Now we learn, via the Globe and Mail that parts of Colvin's reports were "edited":

Canada's former ambassador to Afghanistan asked a diplomat to erase two bluntly worded sections from an April, 2007, report on how Ottawa's delays in notifying the Red Cross of prisoner transfers to Afghan authorities left these detainees vulnerable to abuse.

The Globe and Mail has learned that Arif Lalani asked for the edits from Richard Colvin, a diplomat at the centre of an unfolding controversy over whether Canada turned a blind eye when handing prisoners to Afghanistan's torture-prone authorities.

This editing took place in April, 2007, only days after a Globe investigation revealed disturbing allegations of abuse and torture among prisoners transferred by Canadians to Afghan detention - stories that kicked off a stormy debate in Ottawa.

In one of the sections he was requested to delete, Mr. Colvin remarked on a pattern observed by the Red Cross: that abuse took place almost immediately after prisoners were transferred to the Afghans - timing that meant Canada's tardiness made it very hard for the human-rights monitor to guard against torture.

"[A Red Cross official], who had read The Globe and Mail's reporting, said that the allegations of abuse made by those Afghans interviewed by [reporter] Graeme Smith fit a common pattern," Mr. Colvin wrote in text that was cut out.

"In the International Committee of the Red Cross's experience, 'a lot of abuse happens in the first days,' " he wrote, adding that the human-rights monitor argued this was cause for "more rapid notification" that "would offer better protection to the detainees."

[...]

In another section he was asked by Mr. Lalani to erase, Mr. Colvin reminded Ottawa that it had been warned about 10 months earlier of these dangerous delays in notifying the Red Cross of detainees.

In the deleted text, Mr.
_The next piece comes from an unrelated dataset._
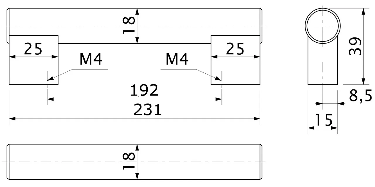 Ручка меб. скоба алюм. WPY 315 192 алюминий AKS

Colvin even acknowledged that Ottawa's own internal statistics on notification delays corroborated the Red Cross's estimates. "Our own records substantiate ICRC's comments about continued delays in notification," the diplomat wrote. "For the four-month period of December 1, 2006, to March 30, 2007, the gap from detention by Canadian Forces to ICRC being informed was as long as 34 days," he wrote.
Somebody in Steve's government needs to look up the word "muzzled" in the dictionary.